Bei der Beurteilung der Frage, ob eine freie Benutzung vorliegt, darf nach ständiger Rechtsprechung des Senats im Interesse eines ausreichenden Urheberschutzes grundsätzlich kein zu großzügiger Maßstab angelegt werden; einerseits soll dem Urheber nicht die für ihn unentbehrliche Möglichkeit genommen werden, Anregungen aus vorbestehendem fremden Werkschaffen zu übernehmen, andererseits soll er sich auch nicht auf diese Weise ein eigenes persönliches Schaffen ersparen (vgl.
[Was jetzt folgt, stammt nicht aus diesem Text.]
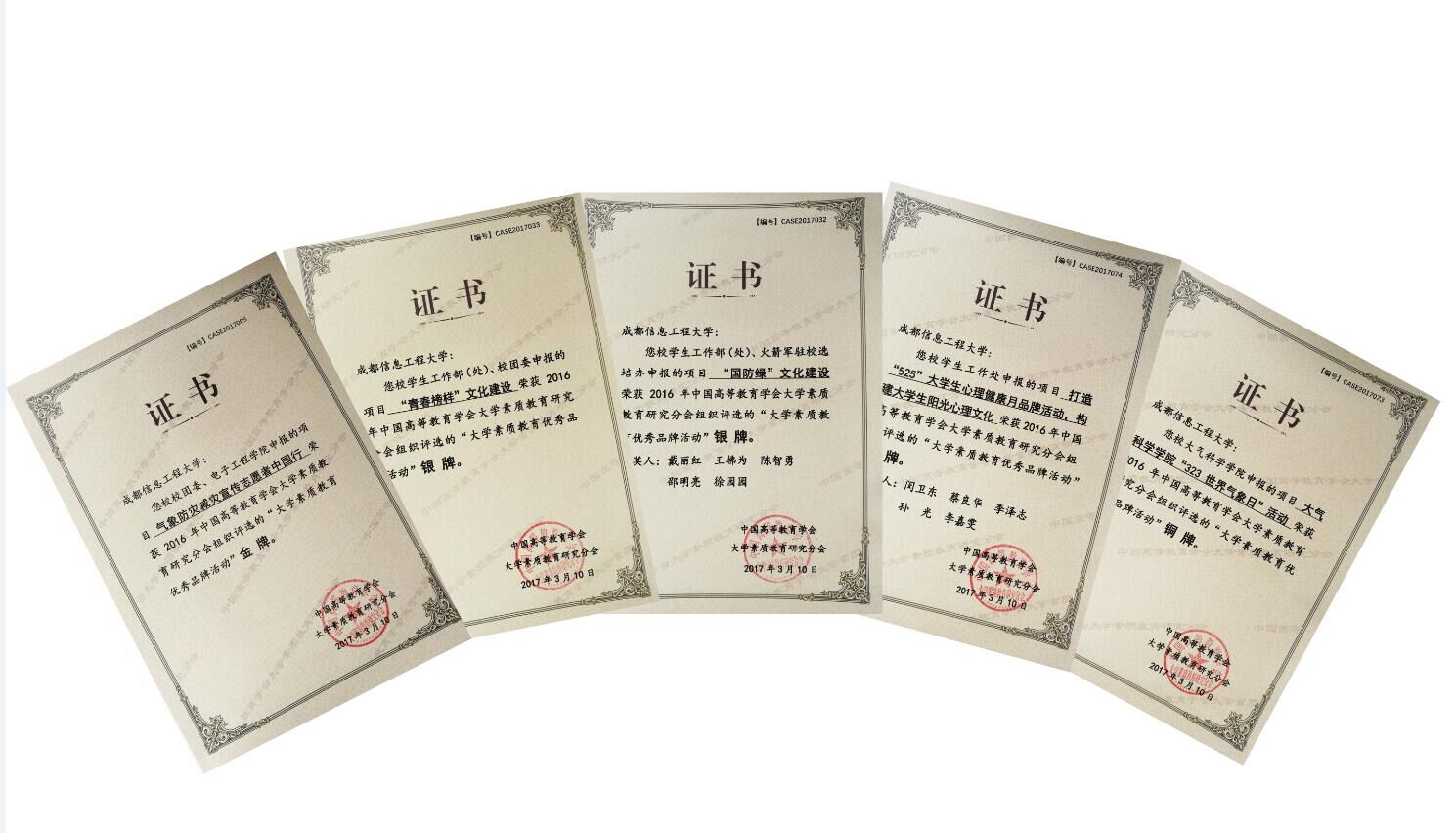 论坛开幕式上公布了2016年大学素质教育优秀品牌活动评选结果并进行了颁奖。全国共有135个项目分别获得金、银、铜牌,我校团委、电子工程学院申报的“气象防灾减宣传志愿者中国行”荣获金牌;学生工作处、校团委申报的“青春榜样文化建设”和学生工作处、火箭军驻校选培办申报的“国防绿文化建设”荣获银牌;学生工作处申报的“打造5.25大学生心理健康月品牌活动,构建大学生阳光心理文化”和大气科学学院申报的“大气科学学院3.23世界气象日活动”荣获铜牌。

BGH GRUR 1965, 45, 47 - Stadtplan; 1971, 588, 589 - Disney Parodie; 1978, 305, 306 - Schneewalzer). Welche Anforderungen im einzelnen zu stellen sind, hängt von der Gestaltungshöhe des als Vorlage benutzten Werkes ab; denn je auffallender die Eigenart des benutzten Werkes ist, umso weniger werden dessen übernommene Eigenheiten in dem danach geschaffenen Werk verblassen (BGH GRÜR 1958, 500, 502 - Mecki-Igel). Aus diesem Grunde können aber auch umgekehrt keine zu großen Anforderungen gestellt werden, wenn das als Vorlage benutzte Werk nur einen geringen eigenschöpferischen Gehalt besitzt; ein Werk geringerer Eigenart geht eher in dem nachgeschaffenen Werke auf als ein Werk besonderer Eigenprägung (vgl. BGH GRÜR 1958, 402, 404 - Lili Marleen).

 

V. 

Auf die Revision der Klägerin war danach das angefochtene Urteil aufzuheben und der Rechtsstreit zur erneuten Verhandlung und Entscheidung auch über die Kosten der Revision an das Berufungsgericht zurückzuweisen.